# 12 volt powered buy a battery



## powerwrench (Aug 29, 2013)

I want to add some light to my snowblower but as far as i know my briggs does not have any thing to power them so i was thing on getting a power wheels battery but I'm not to shirr on how to go about this so dose any know how to do it?
I want to do something like this guy Ariens snow blower light modification


----------



## detdrbuzzard (Jan 20, 2012)

great idea powerwrench. my sunL 70 minicycle has a small 12v battery and weighs next to nothing. i had been thinking about a rechargable light but i can recharge the battery. the model number on the batterysays ritar rt1250 and its made by shenzhen. its a 12v 5ah battery


----------



## powerwrench (Aug 29, 2013)

detdrbuzzard said:


> great idea powerwrench. my sunL 70 minicycle has a small 12v battery and weighs next to nothing. i had been thinking about a rechargable light but i can recharge the battery. the model number on the batterysays ritar rt1250 and its made by shenzhen. its a 12v 5ah battery


thats a better battery than what i was thinking but I'm also thinking theres something else that goes between the battery and the on off button like a 12v regulator or some sort of diode or something.


----------



## powerwrench (Aug 29, 2013)

ok for the other people who re trying to do the same thing I'm going to be doing this wed site shows you how to run 12v lights from a 12v battery 
Automotive Wiring Tips


----------



## CarlB (Jan 2, 2011)

I would suggest using LED lighting for your snow blower if you are using battery power. Conventional type bulbs will draw too much current and drain you battery pretty quickly. If you use an LED lamp there is not need for a relay. I would use an inline fuse for safety purposes located close to the battery. Look at these LED lights 



 



 carl


----------



## Blue Hill (Mar 31, 2013)

I agree with Carl. I replaced every incandescent bulb in my camper trailer with LED, because we are often camping with no power hook-up and the battery drain is tiny compared to what it used to be.


----------



## detdrbuzzard (Jan 20, 2012)

i was thinking of using an led light, a relay, and a switch alng with some type of wrap to keep the battery warm. we would need to make a battery holder also. a plate and hold down for the battery


----------



## powerwrench (Aug 29, 2013)

ok ill give a look at them led light and i have an intricate design for a battery box which ill post pics of when I'm done with this project.


----------



## powerwrench (Aug 29, 2013)

i gave a look at them led light and there not in the project budget. this project is going to be kind of cheep because i hardly blow snow at night so it would be a ones in a while use but if i end up using the light more than i thought ill switch to led. i have an intricate design for a battery box which ill post pics of when I'm done with this project.


----------



## Shryp (Jan 1, 2011)

Have you considered the flashlight off a drill kit and zip ties? 
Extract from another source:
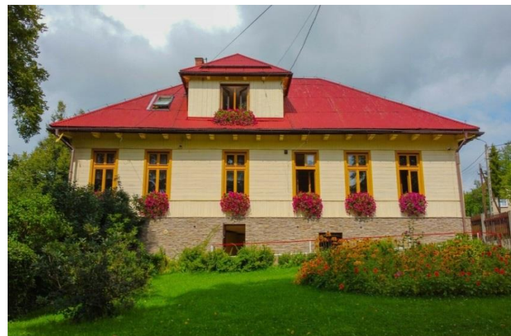
Szkoła Podstawowa wraz z oddziałem przedszkolnym Fundacji Elementarz

Sounds tacky, but should be cheap, simple and easy to recharge.


----------



## Blue Hill (Mar 31, 2013)

powerwrench said:


> i gave a look at them led light and there not in the project budget. this project is going to be kind of cheep because i hardly blow snow at night so it would be a ones in a while use but if i end up using the light more than i thought ill switch to led. i have an intricate design for a battery box which ill post pics of when I'm done with this project.


Have a look on eBay for the LED work lights shipping out of China, powerwrench. Much cheaper for the same light. Just about all of them are made in China anyway, you are just taking out the middle man. If you watch for it you can quite often find free shipping too.


----------



## powerwrench (Aug 29, 2013)

Shryp said:


> Have you considered the flashlight off a drill kit and zip ties?
> 
> Sounds tacky, but should be cheap, simple and easy to recharge.


lol yeah i have looked at that and i have considered that and if for some reason my plan fails ill probably go with that


----------



## detdrbuzzard (Jan 20, 2012)

Shryp said:


> Have you considered the flashlight off a drill kit and zip ties?
> 
> Sounds tacky, but should be cheap, simple and easy to recharge.


 i actuall did think of this but i want something i can use for about two hours. if i get started blowing snow at 6am its usually light by 8am. the battery from my sunl 70 looks like the same one on my electric start lawnmower so regardless to where its mounted the weight won't be a problem and using led lights the battery may not need to be recharged after each use


----------



## CarlB (Jan 2, 2011)

powerwrench said:


> i gave a look at them led light and there not in the project budget. this project is going to be kind of cheep because i hardly blow snow at night so it would be a ones in a while use but if i end up using the light more than i thought ill switch to led. i have an intricate design for a battery box which ill post pics of when I'm done with this project.


 If you choose a 10 watt 12 volt LED it is only 11 dollars, you can't buy a incandescent for that much money. 10 watt led will give you the same amount of light output or more than a 55 watt incandescent


----------



## CarlB (Jan 2, 2011)

detdrbuzzard said:


> i was thinking of using an led light, a relay, and a switch alng with some type of wrap to keep the battery warm. we would need to make a battery holder also. a plate and hold down for the battery


 no need for a relay with only a 10 watt draw. Just a waste of money. Battery, Fuse, Switch and led light is all you need .


----------



## Blue Hill (Mar 31, 2013)

CarlB said:


> If you choose a 10 watt 12 volt LED it is only 11 dollars, you can't buy a incandescent for that much money. 10 watt led will give you the same amount of light output or more than a 55 watt incandescent


Thanks for that tidbit Carl. I was worrying about how much light I would get out of a 10 watt LED.


----------



## powerwrench (Aug 29, 2013)

so iv decided to go with led lights because there brighter and i figured i shouldn't be cheep.


----------



## dbert (Aug 25, 2013)

You may consider doing something like bicyclist do. 
Google water bottle battery. A rechargeable battery that fits in a water bottle holder.
example at ebay
Also if you are considering Chinese made, DX.com is legit. Expect weeks for delivery however.
DX.com


----------



## detdrbuzzard (Jan 20, 2012)

well i got to thinking about the light again today so i went on ebay and looked at some 12v led headlights for a harley sportster and honda 250 rebels


----------



## flintmich (Nov 18, 2014)

*Well?*

So what did you guys come up with? 
I'm curious to see the final product and hear how well it works for yas. 
It's been a year now. Did ya finish it or give up?
Did it work? C'mon now, don't leave us hanging like that.


----------



## crazzywolfie (Jun 2, 2014)

CarlB said:


> I would suggest using LED lighting for your snow blower if you are using battery power. Conventional type bulbs will draw too much current and drain you battery pretty quickly. If you use an LED lamp there is not need for a relay. I would use an inline fuse for safety purposes located close to the battery. Look at these LED lights
> 
> carl


i just thought i would point out that even if you were to use a conventional light it would really be pointless and a waste to use a relay on a system so small. most of the time relays are used to prevent voltage drop and on a snow blower there would probably be very little to no voltage drop in the less than 10 feet of wiring you would probably use. just have to make sure the switch and wiring is heavy enough to do the job.


----------